*** Provided data

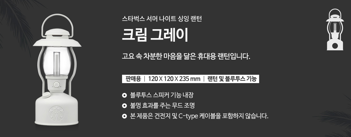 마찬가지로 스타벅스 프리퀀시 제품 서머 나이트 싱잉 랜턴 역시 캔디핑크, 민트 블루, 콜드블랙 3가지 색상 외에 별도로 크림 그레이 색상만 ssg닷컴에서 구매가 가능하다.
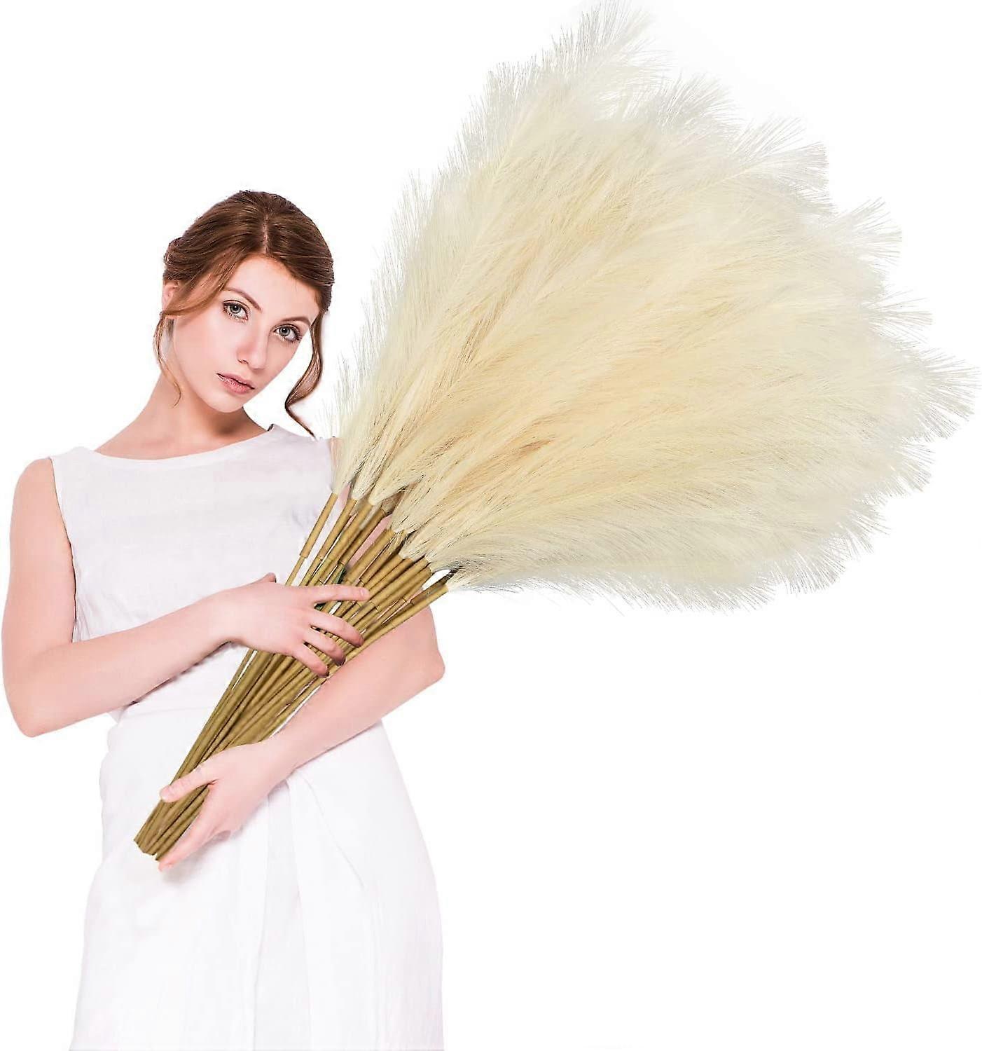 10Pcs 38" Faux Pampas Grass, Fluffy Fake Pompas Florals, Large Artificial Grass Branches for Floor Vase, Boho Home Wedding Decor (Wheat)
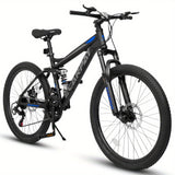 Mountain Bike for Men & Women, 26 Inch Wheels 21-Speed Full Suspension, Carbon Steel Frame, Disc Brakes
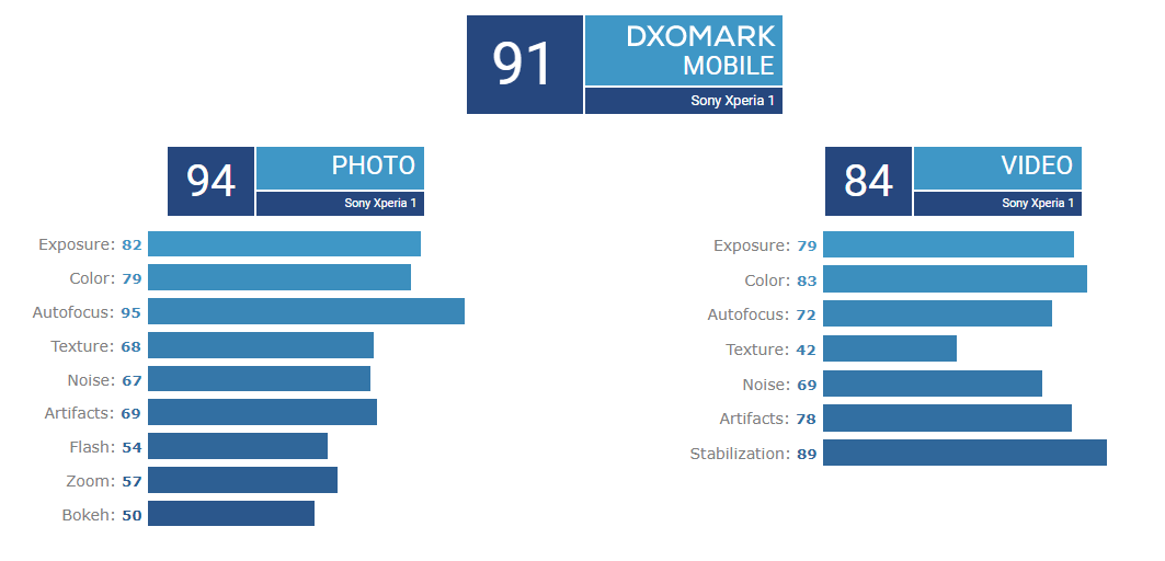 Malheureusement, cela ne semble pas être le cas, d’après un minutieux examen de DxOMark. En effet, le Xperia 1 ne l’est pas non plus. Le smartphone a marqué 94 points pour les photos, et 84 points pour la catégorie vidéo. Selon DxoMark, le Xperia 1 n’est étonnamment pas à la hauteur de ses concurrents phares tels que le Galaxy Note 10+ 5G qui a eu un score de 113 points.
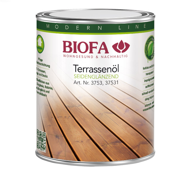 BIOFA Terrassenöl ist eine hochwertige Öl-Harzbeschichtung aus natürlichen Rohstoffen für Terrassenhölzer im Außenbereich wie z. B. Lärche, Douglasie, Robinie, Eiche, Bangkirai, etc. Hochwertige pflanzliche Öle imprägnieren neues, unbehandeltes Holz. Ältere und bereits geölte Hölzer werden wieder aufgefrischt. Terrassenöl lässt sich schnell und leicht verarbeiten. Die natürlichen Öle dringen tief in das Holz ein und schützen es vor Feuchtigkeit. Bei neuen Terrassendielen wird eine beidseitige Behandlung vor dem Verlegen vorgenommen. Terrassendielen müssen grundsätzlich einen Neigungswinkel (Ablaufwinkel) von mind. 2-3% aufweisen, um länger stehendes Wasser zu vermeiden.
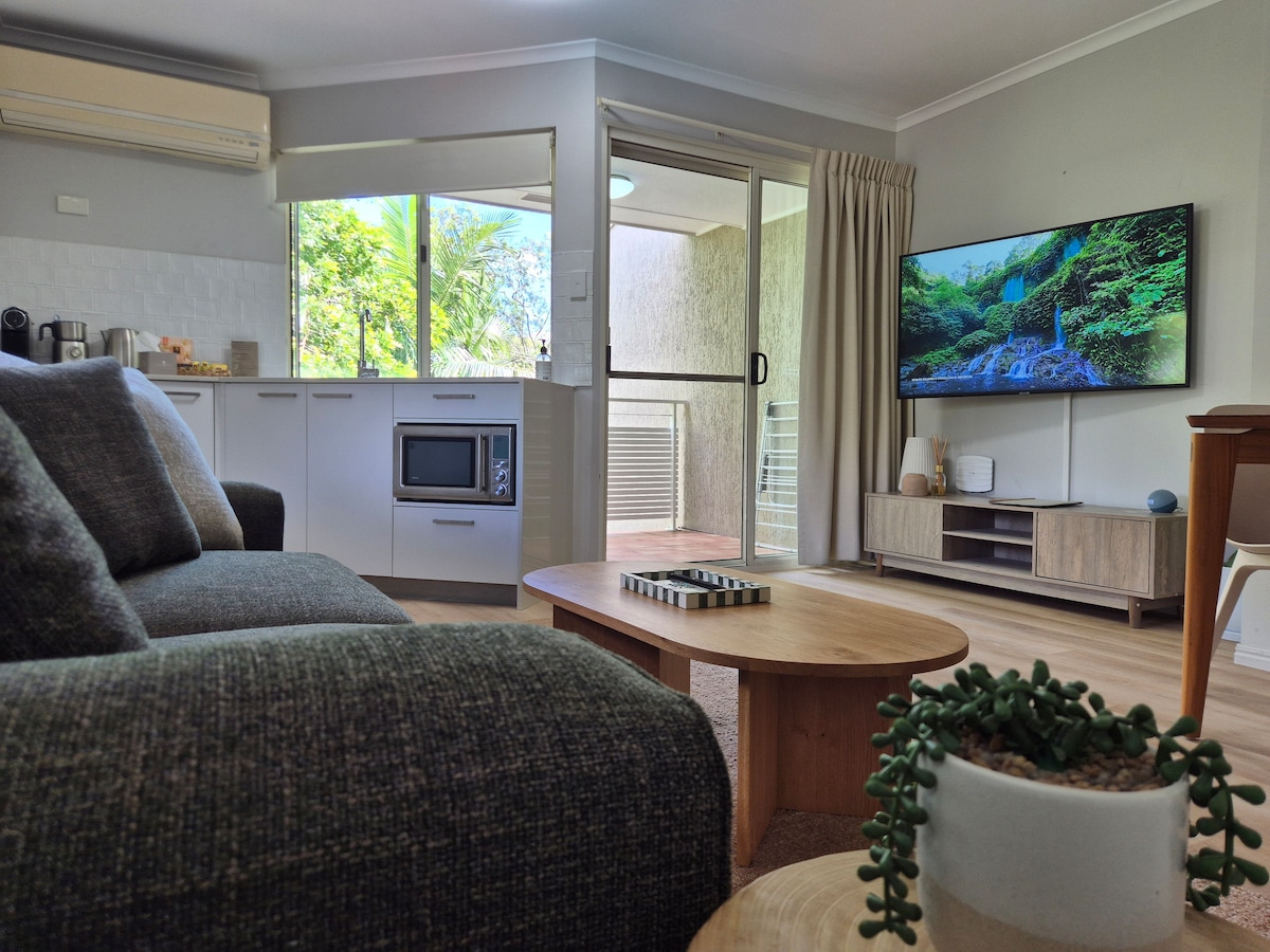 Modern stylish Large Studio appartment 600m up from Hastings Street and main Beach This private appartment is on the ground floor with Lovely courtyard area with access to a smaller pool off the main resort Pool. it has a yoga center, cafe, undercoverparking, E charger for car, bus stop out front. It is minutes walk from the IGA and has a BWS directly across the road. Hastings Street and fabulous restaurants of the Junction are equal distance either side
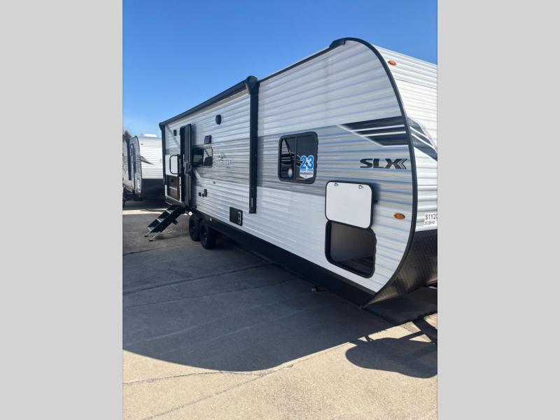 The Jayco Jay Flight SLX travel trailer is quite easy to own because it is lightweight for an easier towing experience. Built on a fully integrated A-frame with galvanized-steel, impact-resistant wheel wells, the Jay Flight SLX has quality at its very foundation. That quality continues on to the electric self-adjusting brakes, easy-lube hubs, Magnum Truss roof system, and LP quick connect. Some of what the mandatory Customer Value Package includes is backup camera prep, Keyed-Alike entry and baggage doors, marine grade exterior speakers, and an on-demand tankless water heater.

******

* [Exercise directions] When you reproduce the entries above, keep every word exact and leave the images out.

* [Solution]
 마찬가지로 스타벅스 프리퀀시 제품 서머 나이트 싱잉 랜턴 역시 캔디핑크, 민트 블루, 콜드블랙 3가지 색상 외에 별도로 크림 그레이 색상만 ssg닷컴에서 구매가 가능하다.
 10Pcs 38" Faux Pampas Grass, Fluffy Fake Pompas Florals, Large Artificial Grass Branches for Floor Vase, Boho Home Wedding Decor (Wheat)
 Mountain Bike for Men & Women, 26 Inch Wheels 21-Speed Full Suspension, Carbon Steel Frame, Disc Brakes
 Malheureusement, cela ne semble pas être le cas, d’après un minutieux examen de DxOMark. En effet, le Xperia 1 ne l’est pas non plus. Le smartphone a marqué 94 points pour les photos, et 84 points pour la catégorie vidéo. Selon DxoMark, le Xperia 1 n’est étonnamment pas à la hauteur de ses concurrents phares tels que le Galaxy Note 10+ 5G qui a eu un score de 113 points.
 BIOFA Terrassenöl ist eine hochwertige Öl-Harzbeschichtung aus natürlichen Rohstoffen für Terrassenhölzer im Außenbereich wie z. B. Lärche, Douglasie, Robinie, Eiche, Bangkirai, etc. Hochwertige pflanzliche Öle imprägnieren neues, unbehandeltes Holz. Ältere und bereits geölte Hölzer werden wieder aufgefrischt. Terrassenöl lässt sich schnell und leicht verarbeiten. Die natürlichen Öle dringen tief in das Holz ein und schützen es vor Feuchtigkeit. Bei neuen Terrassendielen wird eine beidseitige Behandlung vor dem Verlegen vorgenommen. Terrassendielen müssen grundsätzlich einen Neigungswinkel (Ablaufwinkel) von mind. 2-3% aufweisen, um länger stehendes Wasser zu vermeiden.
 Modern stylish Large Studio appartment 600m up from Hastings Street and main Beach This private appartment is on the ground floor with Lovely courtyard area with access to a smaller pool off the main resort Pool. it has a yoga center, cafe, undercoverparking, E charger for car, bus stop out front. It is minutes walk from the IGA and has a BWS directly across the road. Hastings Street and fabulous restaurants of the Junction are equal distance either side
 The Jayco Jay Flight SLX travel trailer is quite easy to own because it is lightweight for an easier towing experience. Built on a fully integrated A-frame with galvanized-steel, impact-resistant wheel wells, the Jay Flight SLX has quality at its very foundation. That quality continues on to the electric self-adjusting brakes, easy-lube hubs, Magnum Truss roof system, and LP quick connect. Some of what the mandatory Customer Value Package includes is backup camera prep, Keyed-Alike entry and baggage doors, marine grade exterior speakers, and an on-demand tankless water heater.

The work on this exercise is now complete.